Beginning with the line that holds "Tre topolini bianchi" and ending with the last line below, please copy every line exactly, add nothing, and leave out the pictures.

** Data shown follows **

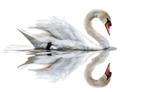 Elegant white swan isolated on a transparent background
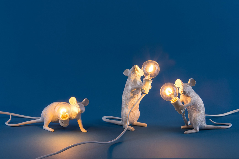 Tre topolini bianchi con una finitura molto realistica. Sono Step, Lop e Mac e corrono per casa alla ricerca di oggetti bizzarri. Di notte si illuminano con le loro piccole lampadine. Scultura stravagante che non passerà inosservata.
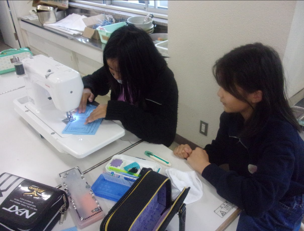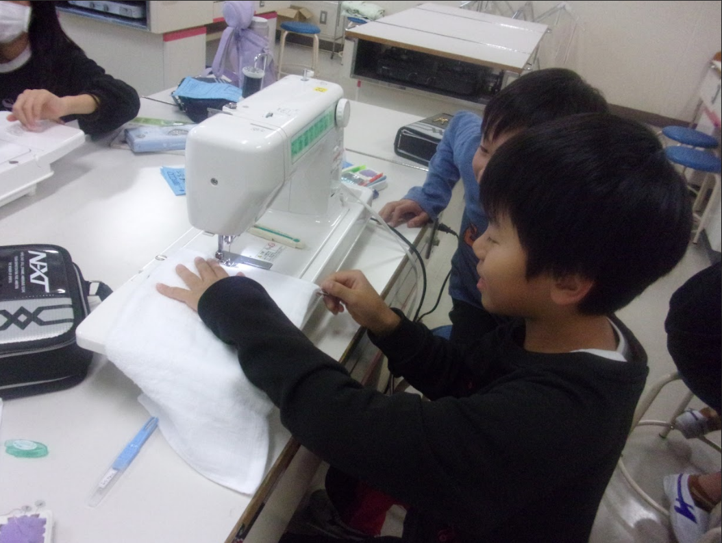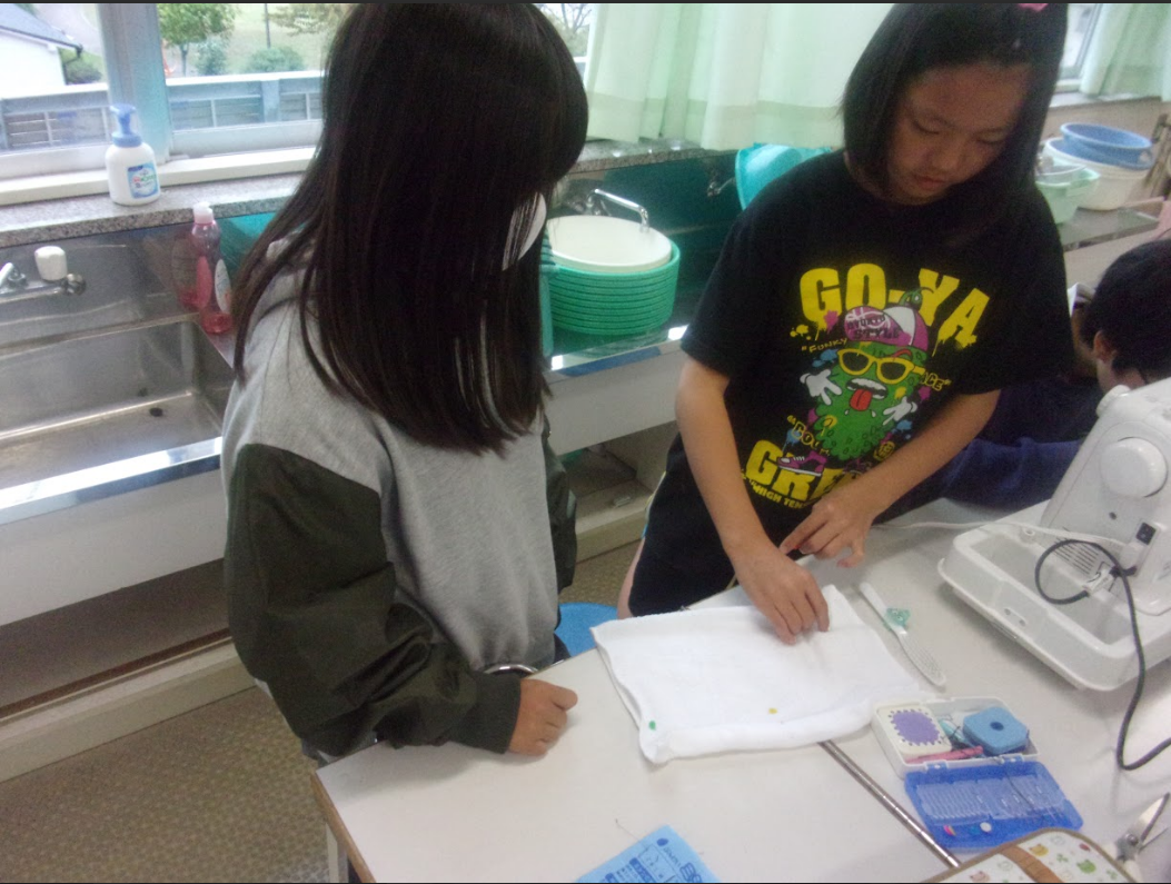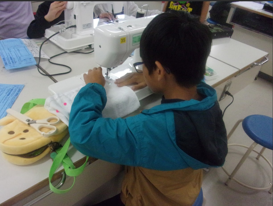 家庭科では、ミシンを使った学習に取り組んでいます。 ミシンへの糸の通し方から まっすぐ布を縫い合わせていくコツまで 丁寧に身に付けていきました。 友達同士でアドバイスをし合ったり よいところを見付け合ったりして 楽しんで学習に取り組むことができています。

** End of Data shown **

» **Response to this task**:
 Tre topolini bianchi con una finitura molto realistica. Sono Step, Lop e Mac e corrono per casa alla ricerca di oggetti bizzarri. Di notte si illuminano con le loro piccole lampadine. Scultura stravagante che non passerà inosservata.
 家庭科では、ミシンを使った学習に取り組んでいます。 ミシンへの糸の通し方から まっすぐ布を縫い合わせていくコツまで 丁寧に身に付けていきました。 友達同士でアドバイスをし合ったり よいところを見付け合ったりして 楽しんで学習に取り組むことができています。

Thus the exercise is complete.